E is for Emancipate:

Thus, emancipate‘s second meaning, ‘to set free from control; to release from legal, social or political restraint’, which, as the dictionary points out, has in modern use acquired a primary application to slavery, with ‘other uses felt to be transferred from this’. In ancient Rome, female slaves (‘libertae’), of course, had less options, and generally ended up marrying their former masters (oh, the liberalism), suggesting that they might need emancipation in the third sense – ‘to set free from intellectual or moral restraint’, and in fact getting into its fourth and final meaning, ‘to enslave’, via the explanatory quotation, ‘a wiues emancipating herself to another husband’.

Q is for Queen:

As is often the case, plenty of forebears inevitably only leads to plenty of embarrassing cousins, and many of these roots (cwen and the Greek gyne in particular) have also been claimed as parents to cunt ( =  ’the vulva or vagina’), spelled quaint and sometimes queynt by Chaucer, just to illustrate the fluidity of ‘cw’, ‘qu’ and ‘cu’. When you know that portcwene ( = literally ‘a public woman’) means ‘prostitute’, the association of quean / quean and cunt may perhaps become somewhat clearer: it’s what you might call synecdoche.
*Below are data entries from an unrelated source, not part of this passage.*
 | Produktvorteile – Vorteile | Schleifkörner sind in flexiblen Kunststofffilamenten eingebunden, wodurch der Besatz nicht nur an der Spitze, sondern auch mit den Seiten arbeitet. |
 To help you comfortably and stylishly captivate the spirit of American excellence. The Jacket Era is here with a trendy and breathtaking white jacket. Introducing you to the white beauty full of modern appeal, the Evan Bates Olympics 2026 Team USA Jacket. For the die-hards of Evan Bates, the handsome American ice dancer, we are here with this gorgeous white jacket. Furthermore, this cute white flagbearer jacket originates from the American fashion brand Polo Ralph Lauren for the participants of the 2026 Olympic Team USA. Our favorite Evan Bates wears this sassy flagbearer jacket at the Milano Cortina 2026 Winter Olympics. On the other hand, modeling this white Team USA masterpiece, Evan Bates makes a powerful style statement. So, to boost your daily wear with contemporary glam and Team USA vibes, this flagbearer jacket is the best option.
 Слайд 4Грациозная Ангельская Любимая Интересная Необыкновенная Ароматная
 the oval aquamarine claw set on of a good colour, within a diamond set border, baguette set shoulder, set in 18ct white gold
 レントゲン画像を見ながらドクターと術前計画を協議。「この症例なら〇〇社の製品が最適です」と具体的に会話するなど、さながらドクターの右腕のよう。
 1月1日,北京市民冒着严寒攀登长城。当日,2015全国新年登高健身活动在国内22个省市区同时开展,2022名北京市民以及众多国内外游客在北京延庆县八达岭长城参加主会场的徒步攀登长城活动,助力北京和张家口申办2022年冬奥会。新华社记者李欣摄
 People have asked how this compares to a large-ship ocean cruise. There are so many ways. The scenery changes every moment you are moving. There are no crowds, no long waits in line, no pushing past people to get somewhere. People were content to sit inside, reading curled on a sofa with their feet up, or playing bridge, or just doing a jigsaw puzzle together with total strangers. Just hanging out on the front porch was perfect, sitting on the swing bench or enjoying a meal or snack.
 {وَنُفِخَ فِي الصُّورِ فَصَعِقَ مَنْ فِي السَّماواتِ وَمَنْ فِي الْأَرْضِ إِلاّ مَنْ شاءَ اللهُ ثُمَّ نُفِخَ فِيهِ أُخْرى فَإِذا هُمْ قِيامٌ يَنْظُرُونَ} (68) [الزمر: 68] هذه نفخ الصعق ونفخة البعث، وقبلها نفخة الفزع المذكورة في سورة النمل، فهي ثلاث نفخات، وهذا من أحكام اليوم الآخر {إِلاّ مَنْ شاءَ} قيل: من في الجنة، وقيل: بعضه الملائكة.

This may also throw some light on quean/queen‘s gay associations: inevitably, words that suggest penetration of the female (pussy, bitch) are eventually seized upon to denigrate an ‘effeminate’ man. Queen as ‘a flamboyant homosexual’ is from the 1920s (as is queer, which originally means ‘oblique, off centre’), thus coinciding with a modicum more gay visibility than its sixteenth century usage.

G is for Girl:

Sometime around 1290, the word girl appeared, used to signify ‘a child or young person of either sex’, alongside clarifying compounds knave girl and gay girl (‘boy’ and, er, ‘girl’ respectively). Like some tantalisingly similar words – lad, lass, boy – its provenance is unclear, although some cunning linguists would have it derive ultimately (via some torturous and dark history) from the Greek ‘parthenos’ (=’virgin’). But yes, uh huh, you read right: in its earliest incarnation, girl was ungendered. In fact, it was not until the 1530s that its more specific application to XX chromosomes surfaced, with girl meaning ‘a female child’ – and even then, it still had its enduring reference to ‘a roebuck in its second year’, with roebuck being, naturally, the male equivalent of roe (a deer, a female deer)…

…So, actually, as girl grows up, it sexes up: indeed, once gendered firmly female, its sexual identity becomes more complicated, and this is something that seems to go alongside a developing idea of what early youth actually is.